I am also aware of the demands our diverse group places on many employees in terms of travel and exposure to different cultures and working practices. The success with which people rise to these challenges is always impressive. I am grateful to all our employees for the contribution they have made to the group’s development.

Now let me comment on current year trading. The continued development of the group’s businesses and the investments we have made will result in further progress in 2008. I said in my statement in the annual report that reform of the European Union sugar regime will again have a large negative effect on profit in the coming year.

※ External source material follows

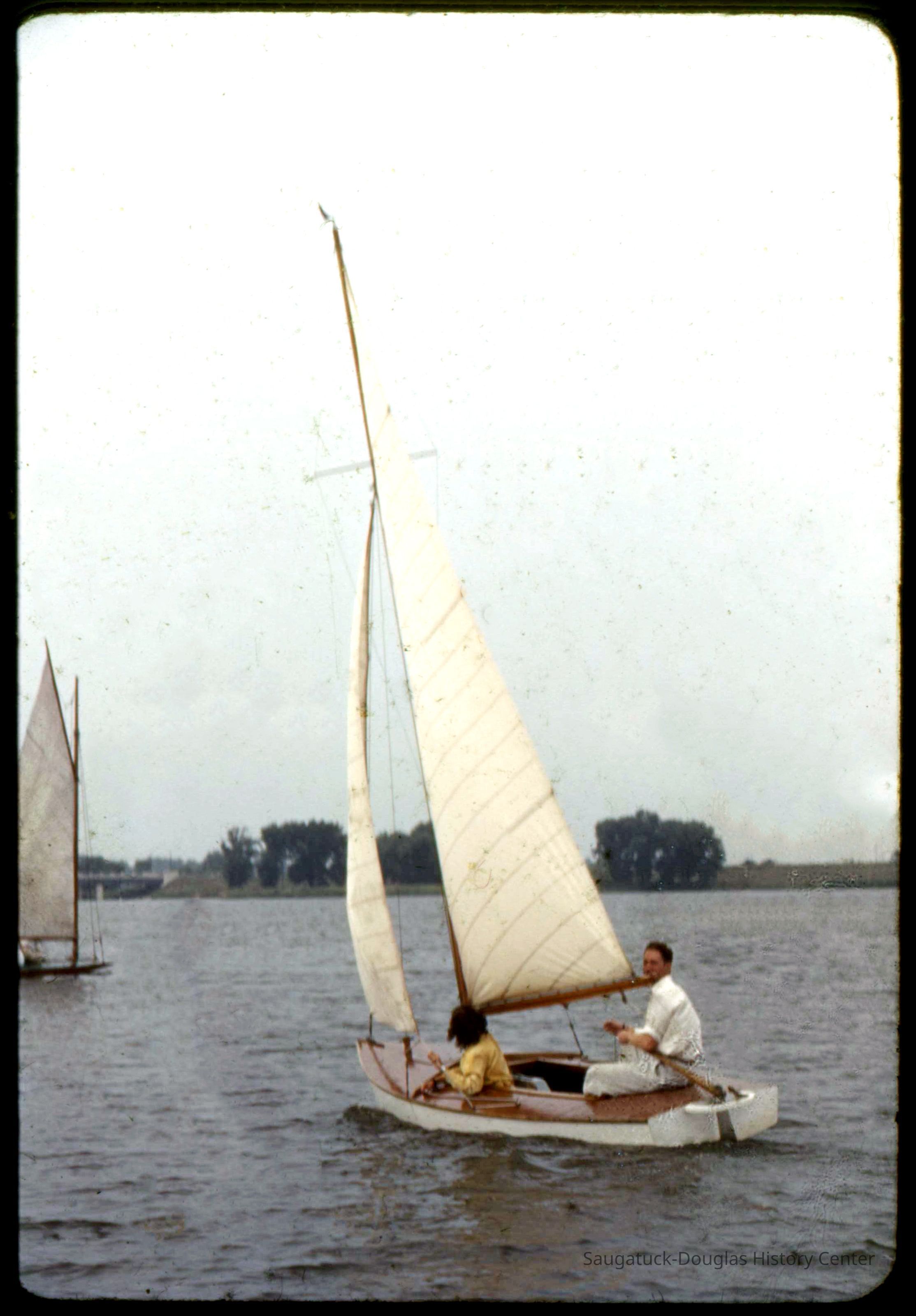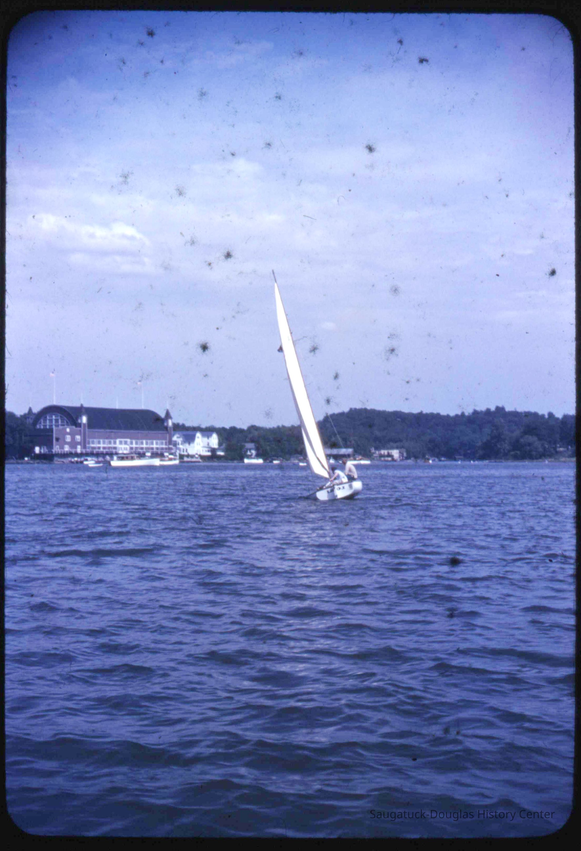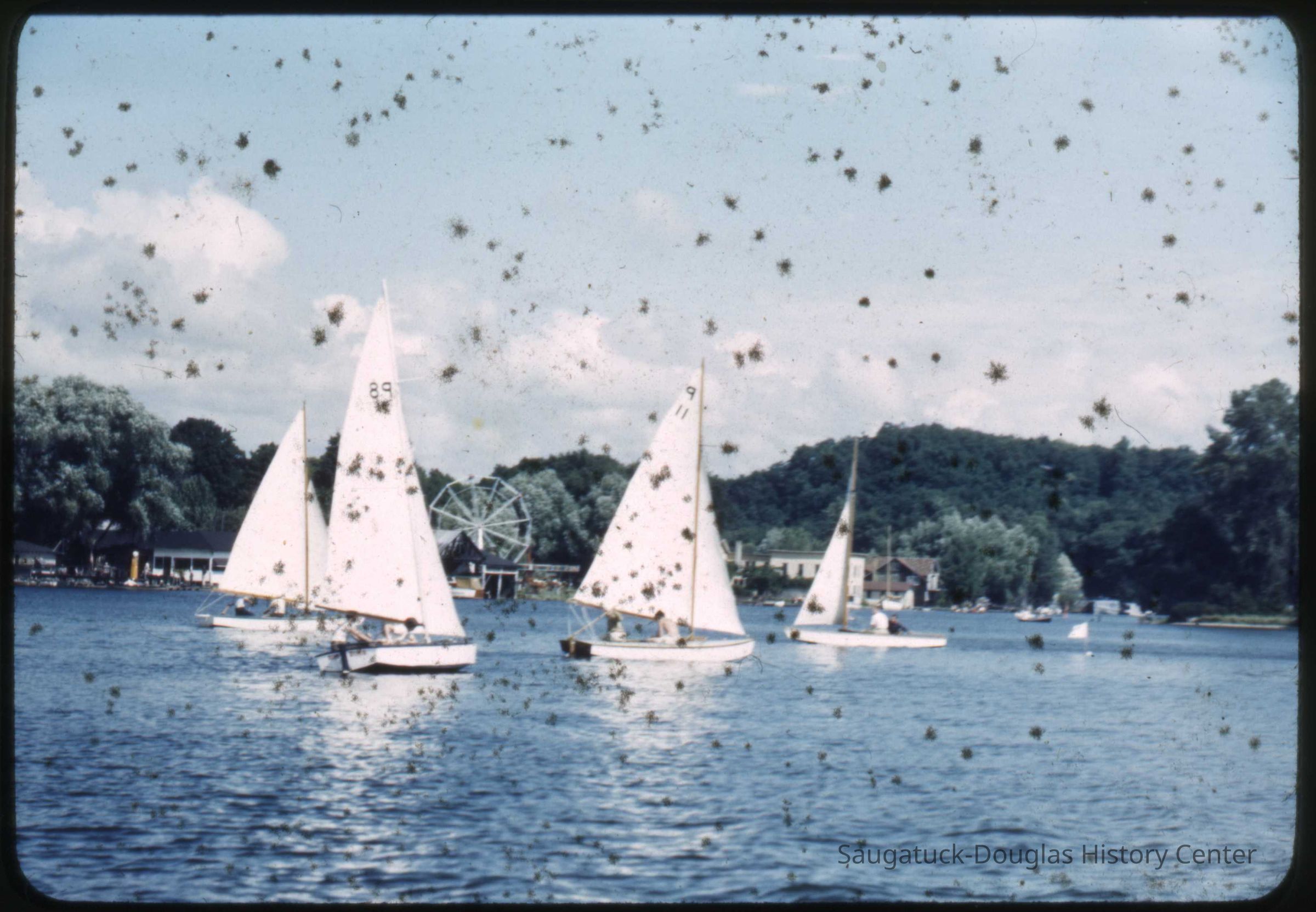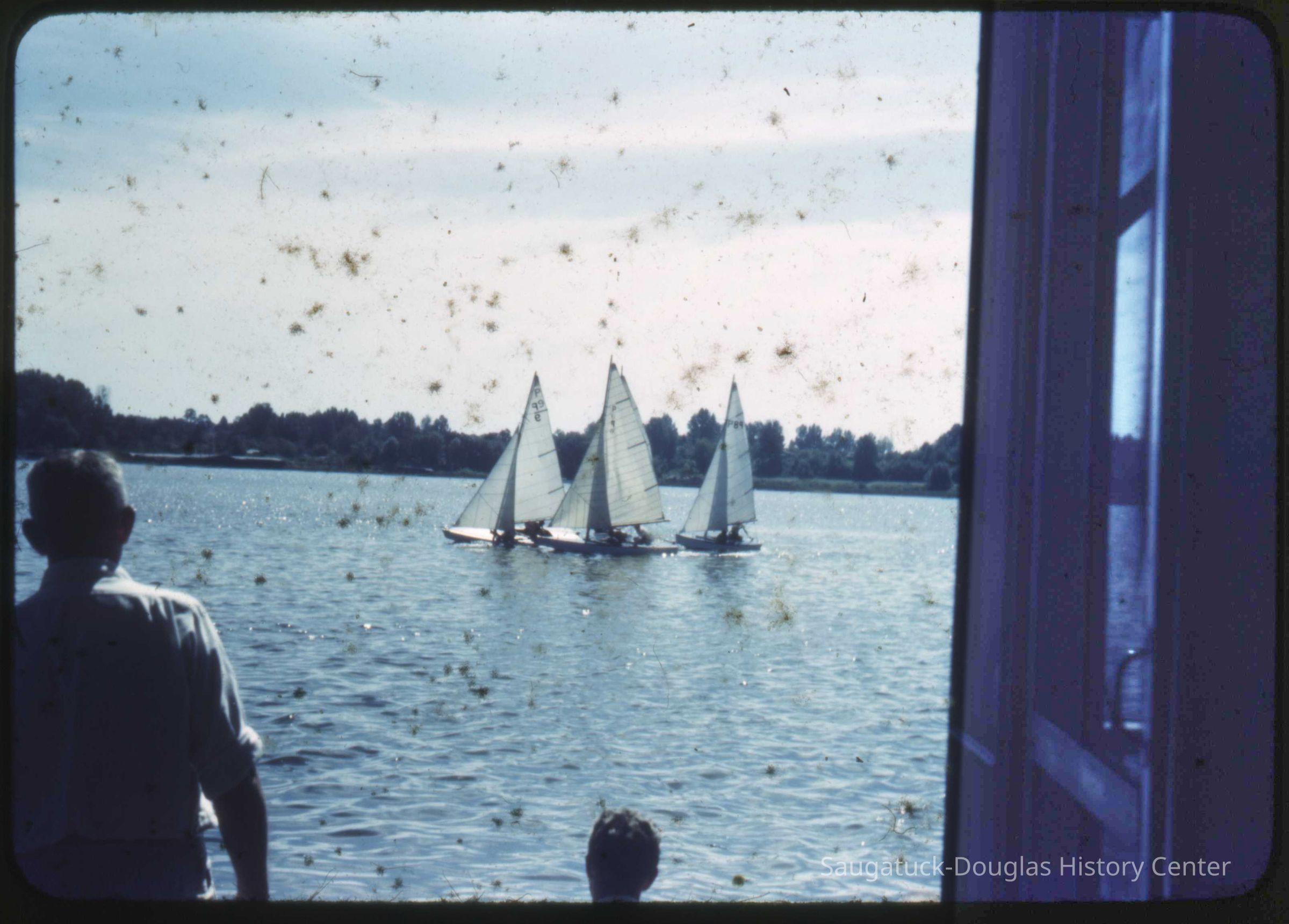 A collection of glass-faced slides of people sailing the Saugatuck Yacht Club fleet. A few of the slides have labels with dates that range from 1939 to 1945.

Although there is a greater degree of uncertainty than normal about general economic conditions, including volatility in some commodity prices and currencies, we expect that profits in the rest of the group will show good progress. Trading so far in the current year has been fully up to our expectations.

Beyond the current year we expect the revised shape of the EU sugar regime to bring stability to the European market and the prospect of some profit recovery. The major capital investment of recent years will support the prospects for longer term growth in all our businesses.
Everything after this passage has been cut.